For many in similar predicaments, Advent time is a painful time. Still for many, it might be a futile wait, like the proverbial “waiting for Godot,” an angst-filled and empty waiting time for something that may not come.

Whether one is in a place where “sleigh bells ring,” or in a place where ominous claps of thunder and reports of roaring rain and mud-soaked logs fill the uncertain air, waiting could be problematic and fraught with difficulty. The comic strip “Family Circus” says it all. The day before Thanksgiving Day (in America), the little boy tells his Mom: “I wish, I wish, it were already Thanksgiving!” When asked why, he said: “So I could begin wishing it were already Christmas!” People wait avidly for Christmas. In some places like the Philippines, it has begun yet last September. And when Christmas day really comes, everything falls flat on its face. There is a sudden “denouement,” a precipitous drop in people’s expectations. Built up to a frenzy months and weeks before, it fails to satisfy when it’s finally there. Once gifts are opened, and Santa’s predictable presents are taken off their tinsel wrappers, far from the deceptive glow of halogen lamps in crystal caged shelves of malls, they fail to give the promised lift, the expected fulfillment as promised by the vendors, and by glossy mouth-watering brochures.

Everything turns out to be vanity .. and all is vanity, especially for those who lack the right perspective that today’s readings remind us of.

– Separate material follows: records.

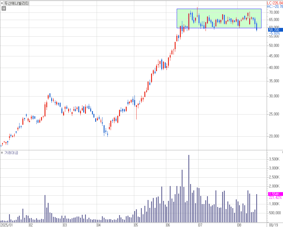 워낙 강한 조방원 테마였다보니, 단숨에 그 기세가 꺾이지는 않을 것입니다. 다만, 위 두산에너빌리티의 주가 차트에서 보시는 것처럼 다른 조방원 테마주들이 원형 천정형과 유사한 패턴을 만들고 있다는 점은 조금은 불안해 보입니다.
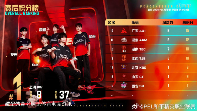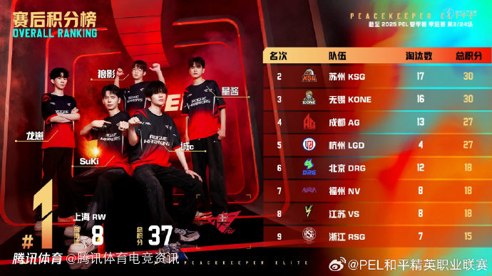 截至本场总积分榜第—名:RW
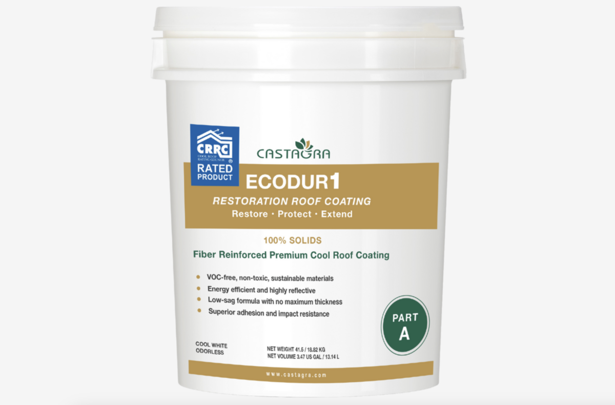 Castagra Products introduced Ecodur1 Cool Roof Coating. The product offers an eco-friendly, highly durable, and energy-efficient solution for commercial roofs. Ecodur1 is a fiber-reinforced premium cool roof coating that is energy efficient and highly reflective, meeting the requirements of California Energy Commission (CEC) Title 24; it is listed by the CRRC. Made from renewable castor oil and gypsum, Ecodur1 is VOC-free and non-toxic, making it safe for both installers and the environment. castagra.com
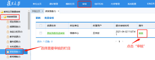 参考《复旦大学网站群管理平台服务条款》,二级单位须确定一名审核人,负责审核本单位的教师个人主页开通申请。单位审核人进入“单位管理端”后,点击“审核”,在左侧“待审核信息”中选定数量>0的栏目内容进行审核。
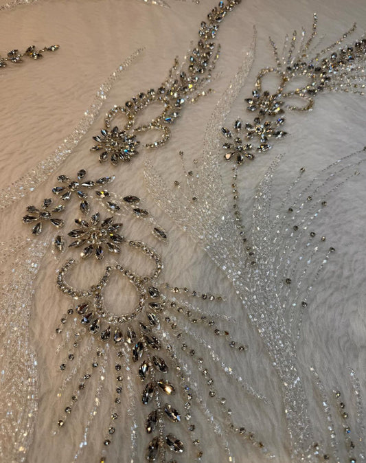 Ivory Elegance: Handcrafted Crystal-Embellished Tulle Fabric for Timeless Couture
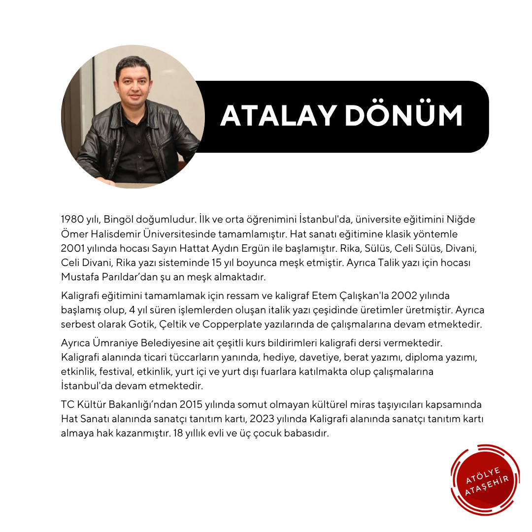 Ayrıca Ümraniye Belediyesine ait çeşitli kurs bildirimleri kaligrafi dersi vermektedir. Kaligrafi alanında ticari tüccarların yanında, hediye, davetiye, berat yazımı, diploma yazımı, etkinlik, festival, etkinlik, yurt içi ve yurt dışı fuarlara katılmakta olup çalışmalarına İstanbul'da devam etmektedir.

We are reminded today that everything turns to vanity when waiting is not spurred on by faith, when we do not really see what we are waiting for beyond what glitters and glows. The Gospel shows us how even Joseph’s disappointment turns into active engagement with God’s will when he saw what it all meant, when he saw the vision of an angel who said: “do not be afraid to take Mary your wife into your home.” Joseph’s faith, already strong in the first place, came out even stronger, when God’s dream became his own dream, when God’s vision became his own vision and mission.

Advent waiting that is based on our own selfish dream is bound to be disappointing. Advent dreams that are not in keeping with God’s dreams for us and the world are bound to fall flat on their faces. Like the purely earthly dreams for gifts that glitter, in the long run, they do not satisfy us fully. Like the sinful, get-rich-quick dreams of the illegal loggers in the Philippines, which are not obviously in syntony with God’s dreams for everyone to enjoy the fruits of the earth, in the spirit of equity and solidarity, they end up in disaster for everyone, both now and in the future.

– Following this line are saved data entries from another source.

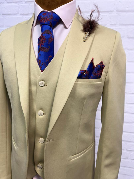 ست سه تیکه کت شلوار جلیقه کاردین پلاس کرم مدل 228
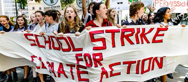 Student protest in France. The banner reads: 'Studying is a right, not a priviledge'
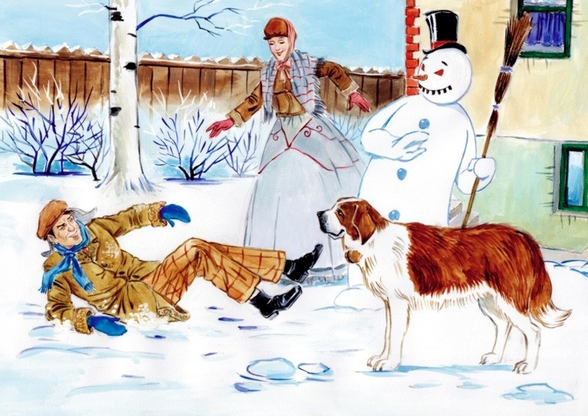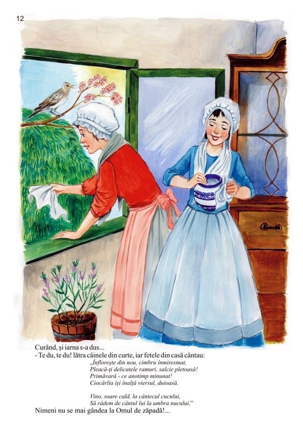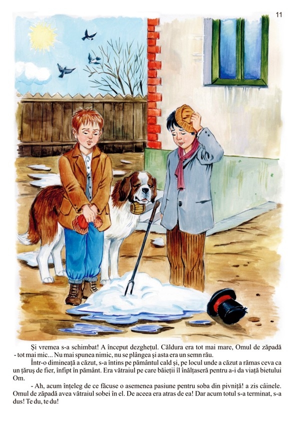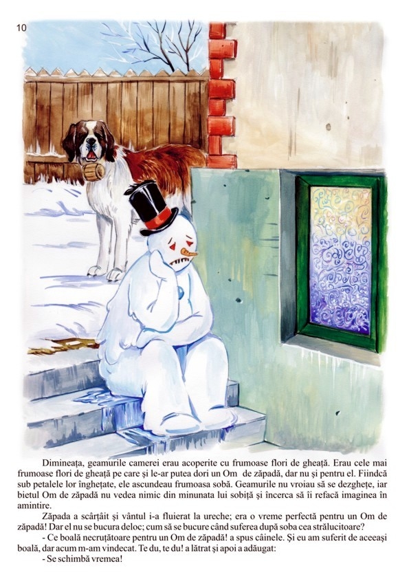 În această poveste cele două personaje principale au trăiri asemănătoare oamenilor, iar întreaga natură este descrisă de parcă ar fi desprinsă dintr-un basm: "covorul de zăpadă ce învelea pământul părea acoperit cu diamante ce sclipeau mai albe decât zăpada însăşi". Omul de zăpadă trăieşte într-o lume limitată, curtea casei. El se îndrăgosteşte de vâlvătaia unei sobe, o dragoste fără speranţă, deoarece condiţia lui nu-i permite să ajungă la ea. Soba face parte dintr-o altă lume, la care Omul de zăpadă poate doar visa. În paralel cu viaţa Omului de zăpadă, simbolizând viaţa omului cu suflet pur, ne este prezentată viaţa câinelui, care ilustrează cum este tratat omul în societate. Câinele, pe vremea când era tânăr şi îi bucura pe stăpâni, locuia în casă, avea mâncare, căldură şi se bucura de dragostea celor din jur. La bătrâneţe el a fost alungat din casă şi legat în lanţuri, aşteptând resemnat sfârşitul, de care, spre deosebire de Omul de zăpadă, era conştient: "Te du, te du, cum o să mă duc şi eu!..." FORMAT: 21 x 29,7 cm, 12 pag. color, hârtie lucioasă, cu PUZZLE.
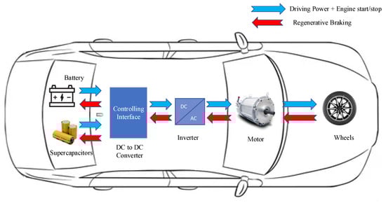 In modern EVs or hybrid EVs, the kinetic energy is converted to electrical energy during the braking by driving the motor as a generator. As shown in Figure 5, reverse power flow is directed to the SC and the battery. This RB method extends the driving range of an EV or improves the fuel economy of a hybrid EV [38]. Nevertheless, directing the rapid energy recovery during RB into the battery itself can cause stress on the battery, and its long-term performance will degrade [39]. SCs are used as an alternative method to capture the regenerative energy, which is ideal for work during rapid high-power variation situations. With the use of the configurations discussed in Section 5.1.1, all or part of the regenerative energy can be diverted into SCs, depending on the requirement. Most of the major car manufacturers use SCs to capture the energy from the RB. Toyota Supra and FCHV, Mazda 6 and 3, Hyundai Tucson, and Chevrolet Equinox are a few examples [40]. A project demonstrated that the deployment of the RB into the trolley bus system in Ningbo, China, by using a 1500 V SC pack, improved the driving range from 4 to 10 km [41].
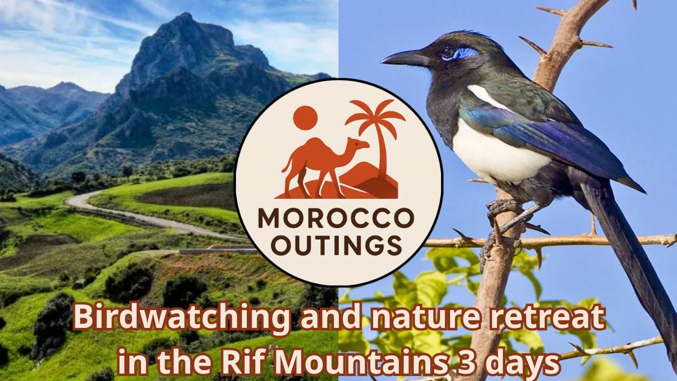 Birdwatching and nature retreat in the Rif Mountains 3 days is a serene escape designed for travelers seeking harmony with nature, fresh mountain air, and unforgettable encounters with Morocco’s rich wildlife. Nestled in the northern landscapes of Morocco, the Rif Mountains offer a peaceful sanctuary far from the rush of city life, where rolling hills, lush cedar forests, and hidden valleys create the ideal habitat for a wide variety of bird species, including migratory raptors, woodland songbirds, and rare highland wildlife. This journey is more than just a birdwatching experience—it is a full nature retreat, blending gentle trekking, forest walks, panoramic photography stops, and moments of mindful relaxation in eco-friendly lodges surrounded by untouched landscapes.

Advent means waiting alright. But it has as much to do with listening as with waiting. We who claim we believe in this God who came, still comes, and yet will come in and through Christ, have some listening to do. Like Joseph, we need to stop, look, and listen to His gentle nudges and reminders … never to be afraid, for God has become Emmanuel, “God-with-us.” He invites us now, as he did Joseph, to make His dream for the world and for humanity, our very own.

The Gospel tells us that “when Joseph awoke, he did as the angel of the Lord had commanded him.” What, then, are we to do?

St. Paul shows us the way. Unlike Ahaz, who hid behind a thin veneer of pretended religiosity and hypocrisy, despite the Lord’s telling him to ask, Paul listened to the Lord and obeyed. He became, in his own words, a “slave,” an “apostle,” and “set apart” for the gospel of the Lord. Paul’s faith, in other words, was not one to remain on the level of pietistic declarations and hypocritical, shallow attachment. It was not a faith that was good only for one hour on a Sunday morning, not a faith that glows only with tinsels and lights on Christmas day. It was not that kind of faith that theologians call mere fiduciary faith, a faith based on touchy-feely emotions and mere fellow-feeling, but a faith that is performative, a faith that is willing to “do as God commands.” For Paul, it meant being and becoming a “slave,” an “apostle,” “set apart,” not for honor and glory, but for service.